The substrate processing device (300) further includes a controller (900). The controller (900) controls each of a plurality of opening/closing valves (644) provided on the circulation line (641). The controller (900) controls each of a plurality of opening/closing valves (669) provided on the supply line (661). The controller (900) controls each of the opening/closing valves (644) provided on the first circulation path, the opening/closing valves (644) provided on the second circulation path, the opening/closing valves (669) provided on the first supply path, and the opening/closing valves (669) provided on the second supply path. The controller (900) controls the opening/closing valve (664) provided on the first circulation path and the opening/closing valve (669) provided on the second supply path to open or close simultaneously, and controls the opening/closing valve (664) provided on the second circulation path and the opening/closing valve (669) provided on the first supply path to open or close simultaneously. When the controller (900) controls the opening/closing valves provided on the first circulation path and the second supply path to open, the opening/closing valves provided on the second circulation path and the first supply path are controlled to close. Conversely, when the controller (900) controls the opening/closing valves provided on the second circulation path and the first supply path to open, the opening/closing valves provided on the first circulation path and the second supply path are controlled to close.

Below, the movement process of the treatment liquid flowing in the liquid supply unit (600) is described in detail with reference to FIGS. 4 and 5.
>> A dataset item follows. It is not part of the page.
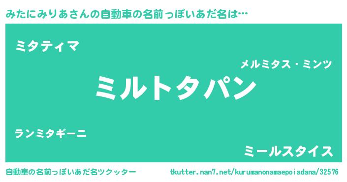 | 意味不明あだ名 | 『とにかく怪しいみたにみりあ』 |

FIG. 4 and FIG. 5 are drawings showing the movement process of the treatment liquid flowing through the liquid supply unit of FIG. 3. More specifically, FIG. 4 is a drawing showing the process of the treatment liquid flowing through the first circulation path and the second supply path in the liquid supply unit (600), and FIG. 5 is a drawing showing the process of the treatment liquid flowing through the second circulation path and the first supply path in the liquid supply unit (600).
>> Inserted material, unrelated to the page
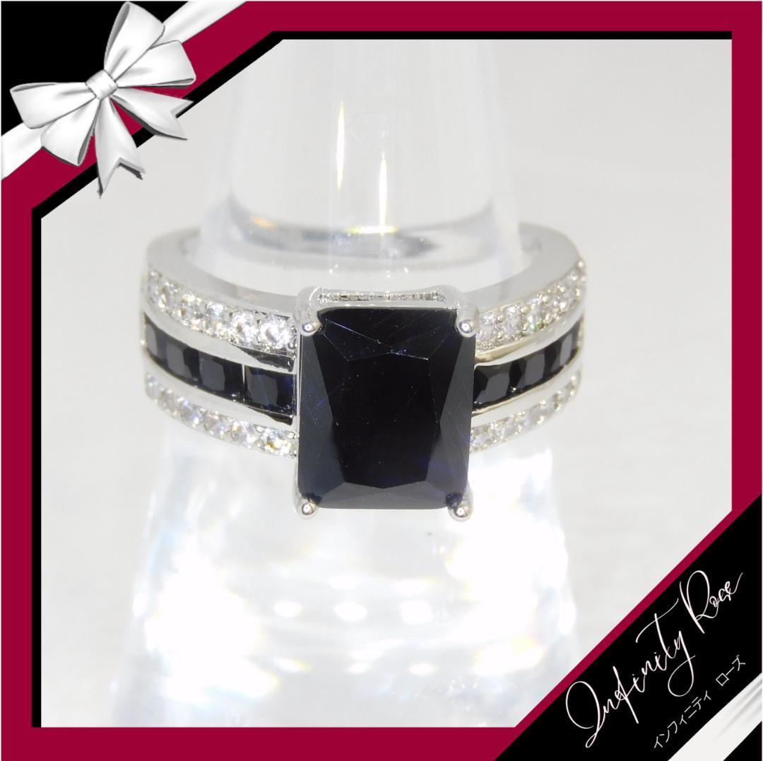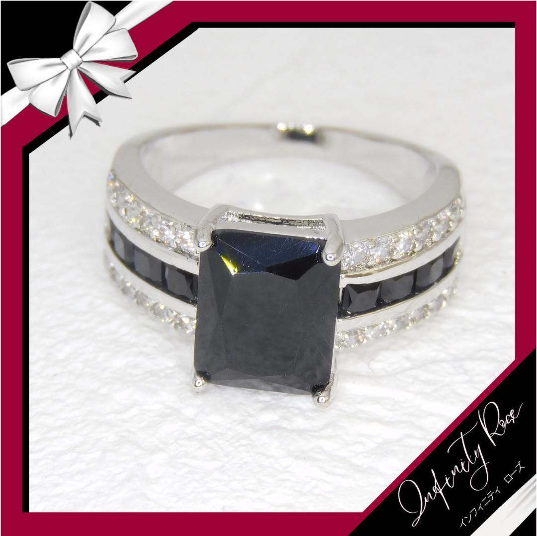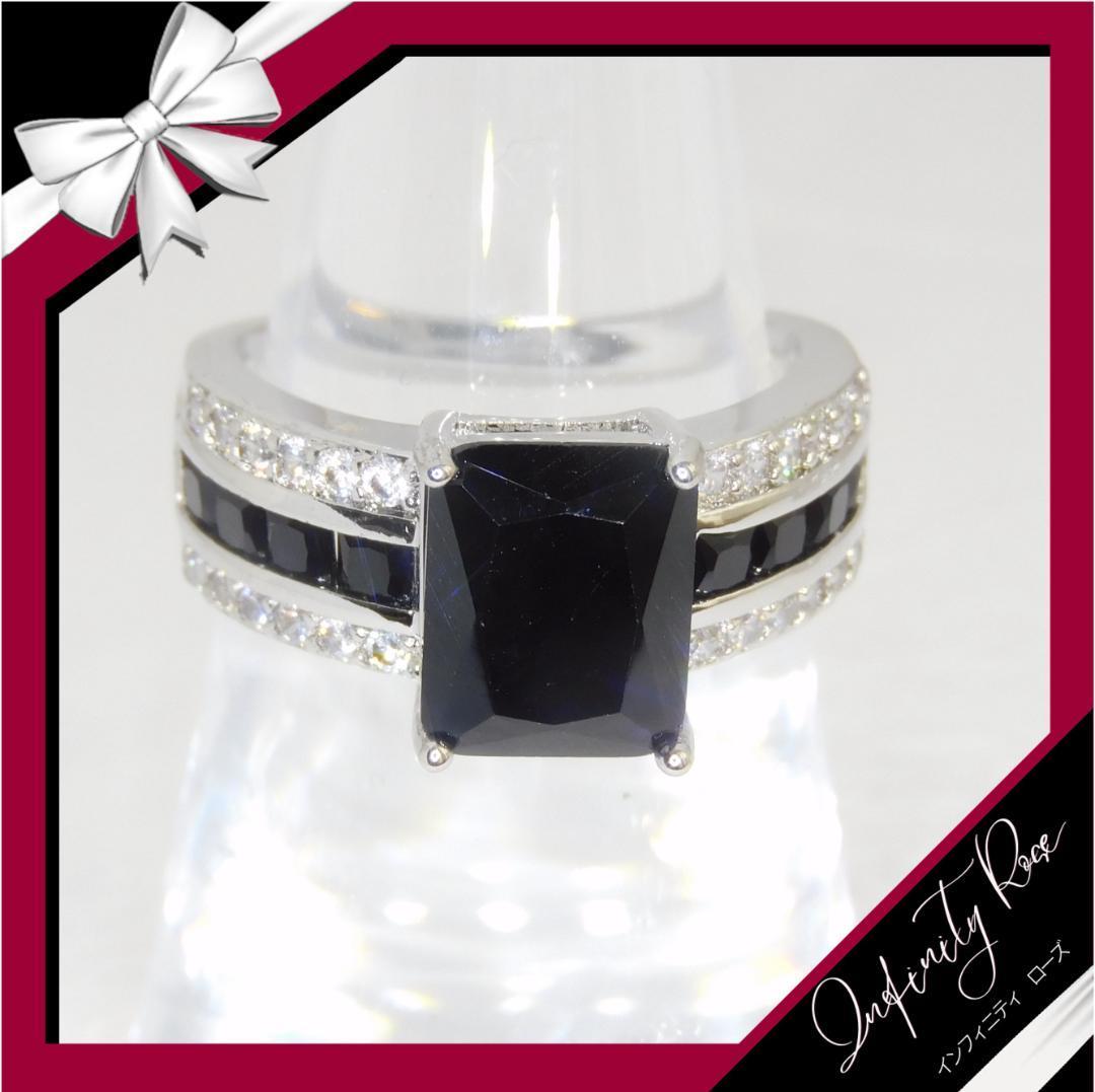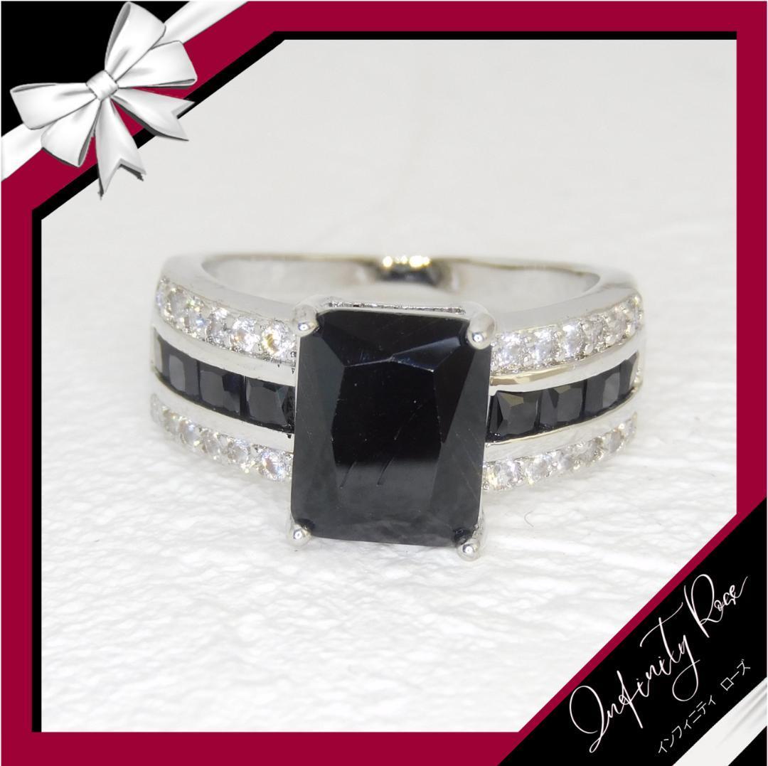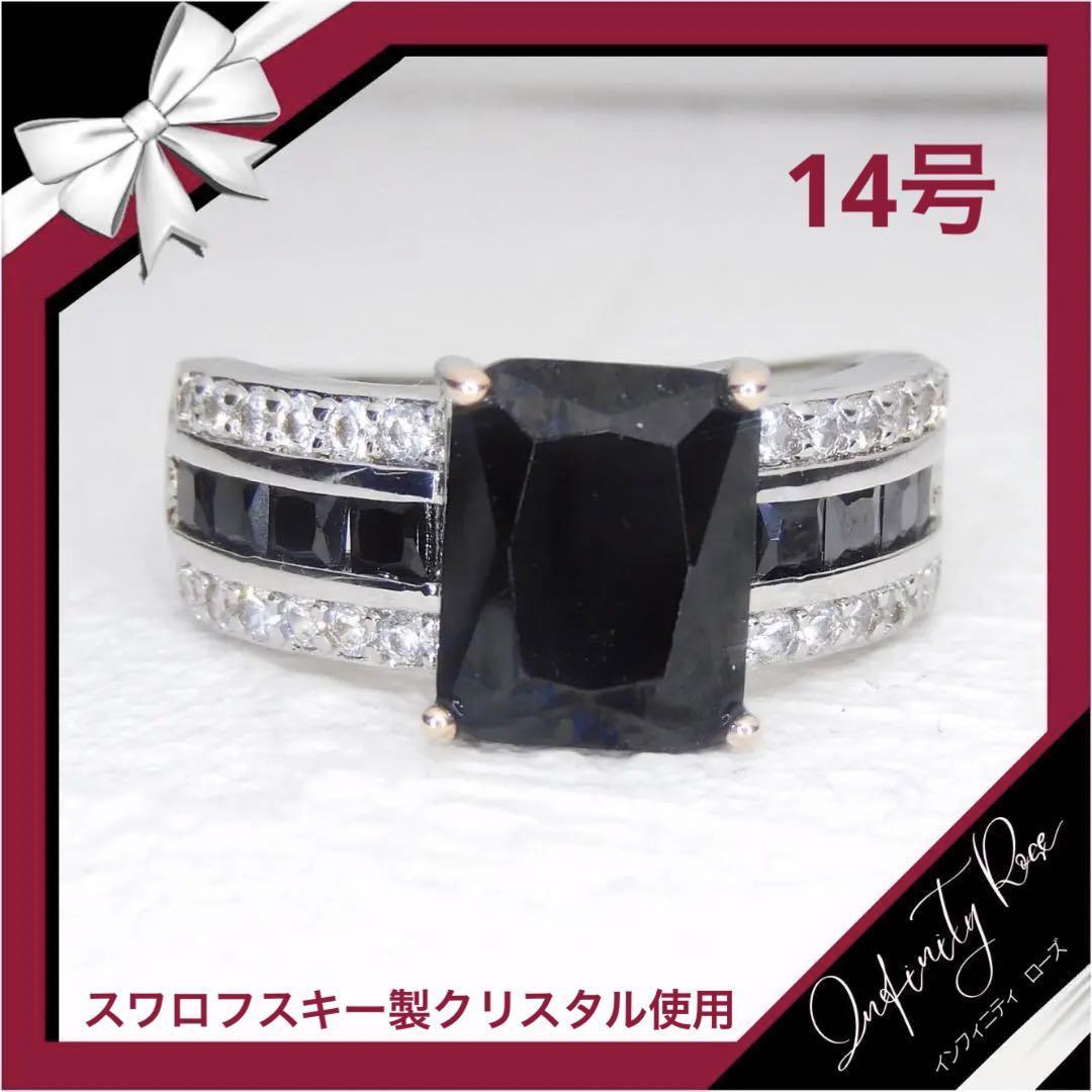 (R047SK)14号 ブラック豪華煌めく華やかゴージャスワイドリング 指輪 スワロフスキー製クリスタル使用

Referring to FIGS. 4 and 5, the first circulation line (641a), the second circulation line (641b), and the third circulation line (641c) form a first circulation path through which the drying fluid contained in the receiving space (621a) of the first tank (621) is circulated. The third circulation line (641c), the fourth circulation line (641d), and the fifth circulation line (641e) form a second circulation path through which the drying fluid contained in the receiving space (621a) of the second tank (622) is circulated. In addition, the first supply line (661a), the second supply line (661b), the fifth supply line (661e), and the sixth supply line (661f) form a first supply path. The third supply line (661c), the fourth supply line (661d), the fifth supply line (661e), and the sixth supply line (661f) form the second supply path.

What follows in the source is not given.